Chesterton brilliantly worked out the social, martial, and political consequences of a theology that began by consciously rejecting the Trinity in favor of a radically monotheistic, wholly other, intensely "lonely" God who thunders on the mountaintop. Allah is not the same God as the Father of our Lord Jesus Christ, and that difference does put Christianity and Islam at enmity. Though few readers notice it, it is significant that when C. S. Lewis (in the appendix to his Abolition of Man) placed side-by-side the great moral law codes of the nations of the world (Greek, Roman, Babylonian, Chinese, Jewish, Norse, Anglo-Saxon, Egyptian, Indian, Australian, Native American), he specifically chose to leave out all reference to Mohammed or the Koran. Lewis, like Chesterton, knew that there is something at the heart of Islam that is eternally hostile to the gospel and the creeds of the church. To promote peace and understanding is a good and Christian thing, but we must not close our ears to Chesterton's warnings simply because they make us feel uncomfortable or "narrow-minded."  

But Wood's somewhat biased treatment of Chesterton's views on Islam pales in comparison to his unwarranted, and, I'm sorry to say, smug dismissal of Chesterton's critique of Darwinian evolution. Determined to uphold a Christian academic attachment to theistic evolution, Wood, rather than learn from Chesterton's prophetic critique of Darwin, uses him as a club to beat intelligent design (ID) theories that he clearly considers harmful to Christianity and to the Academy. Although both Chesterton and ID base their arguments against macro-evolution on what we know about nature and man, Wood levels the same old tired "God of the gaps" accusation against both. Worse yet, though he includes an appendix in which he praises Chesterton for exposing the dangers of eugenics, he resists drawing the straight line (drawn by Chesterton) from Darwinian survival of the fittest to genetic engineering. 

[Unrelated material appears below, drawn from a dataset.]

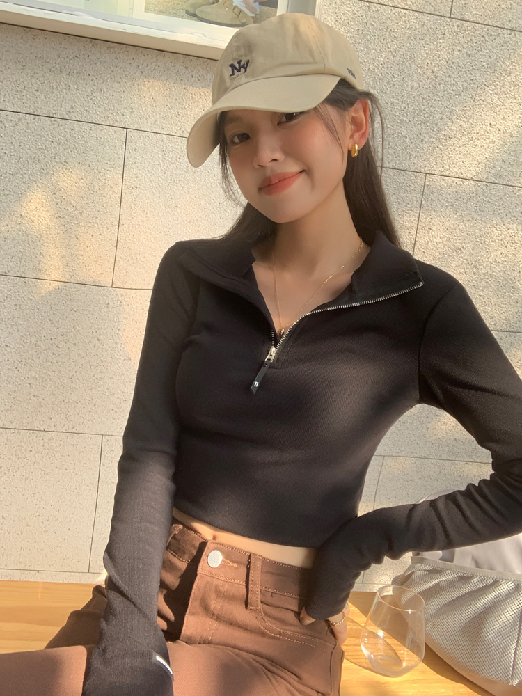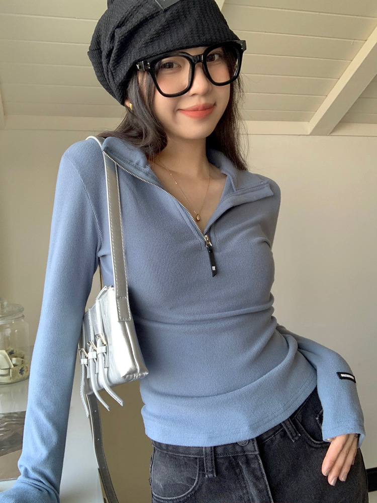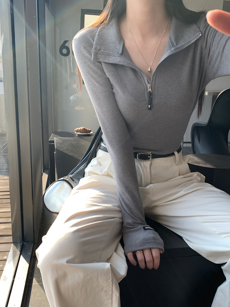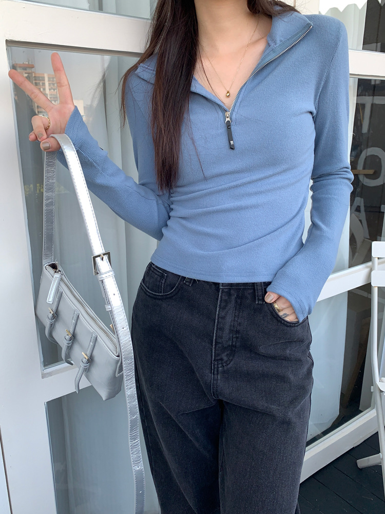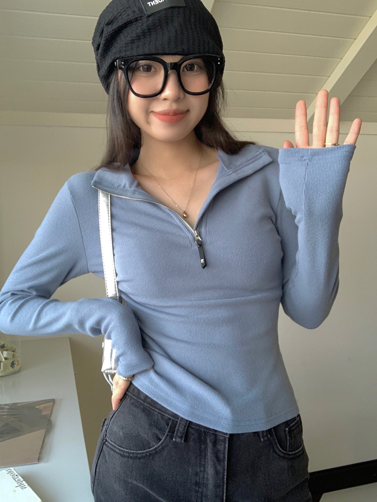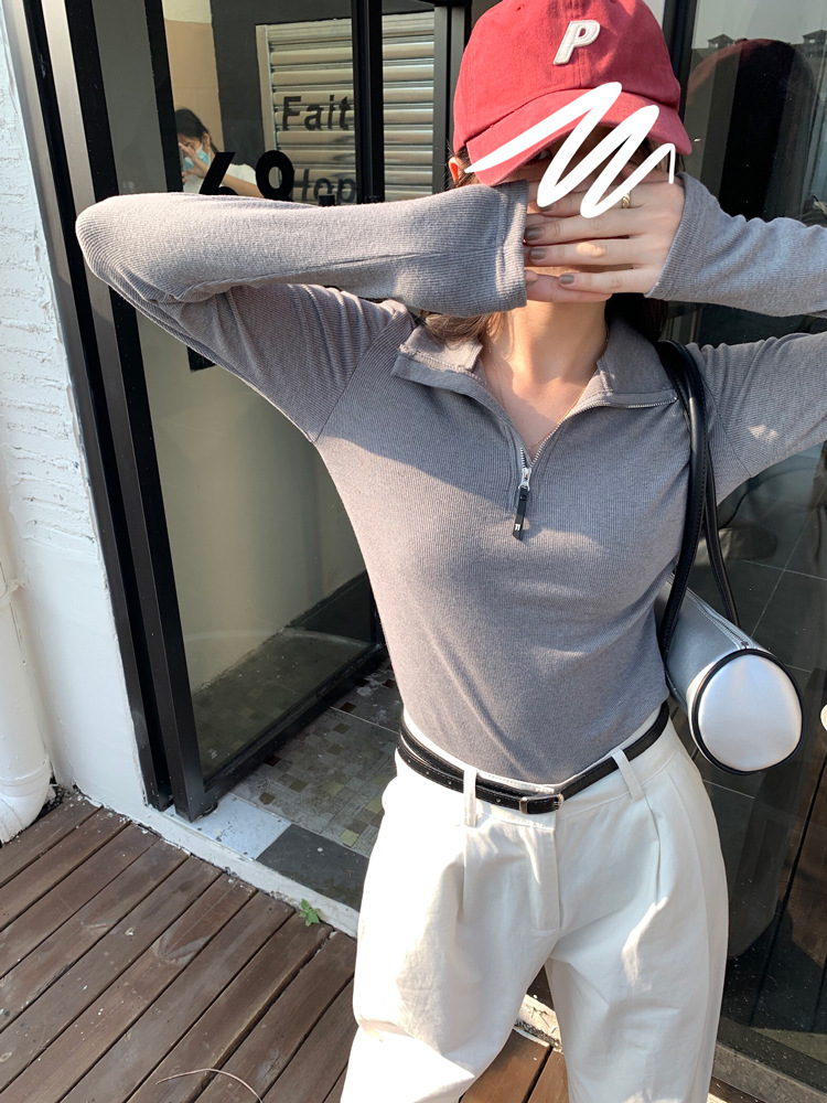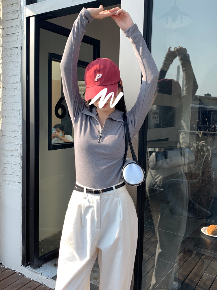 JMA-172 实拍 美式立领长袖T恤女2023秋季新款韩版气质修身长袖打底衫上衣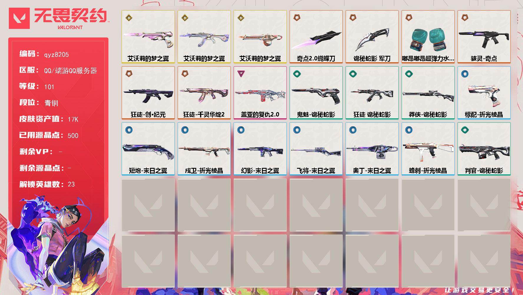 【qyz8205】艾沃莉的梦之翼 狂徒 奥丁 鬼魅 砰砰拳套 莲华创纪元狂徒 奇点蝴蝶刀 骇灵 qyz8205 近战武器皮肤: 蝴蝶刀-奇点//2.0,诡秘蛇影 步枪皮肤: 幻影-盖亚的复仇2.0,狂徒-艾沃莉的梦之翼,狂徒-创·纪元,狂徒-千灵华绽//2.0 佩枪皮肤: 鬼魅-艾沃莉的梦之翼 冲锋枪皮肤: 骇灵-奇点 机枪皮肤: 奥丁-艾沃莉的梦之翼 亮点: 【qyz8205】【英雄】:幻棱,炼狱,暮蝶,壹决,铁臂,捷风,雷兹,幽影,不死鸟,贤者,猎枭,蝰蛇,芮娜,奇乐,尚勃勒,霓虹,斯凯,

Still, though I find much to criticize in Wood's handling of Chesterton's views on Islam and evolution, I very much applaud him for his careful research, his lucid style, and his ability to draw together all aspects of one of the most paradoxically brilliant and brilliantly paradoxical writers (and figures) of the last century and a half. His book merits close reading and should inspire the kind of intensive dialogue that I've tried to initiate in this review.

Louis Markos (www.Loumarkos.com), Professor in English & Scholar in Residence at Houston Baptist University, holds the Robert H. Ray Chair in Humanities; his books include Apologetics for the 21st Century, Restoring Beauty: The Good, the True, and the Beautiful in the Writings of C. S. Lewis, From Achilles to Christ, and Pressing Forward: Alfred, Lord Tennyson and the Victorian Age.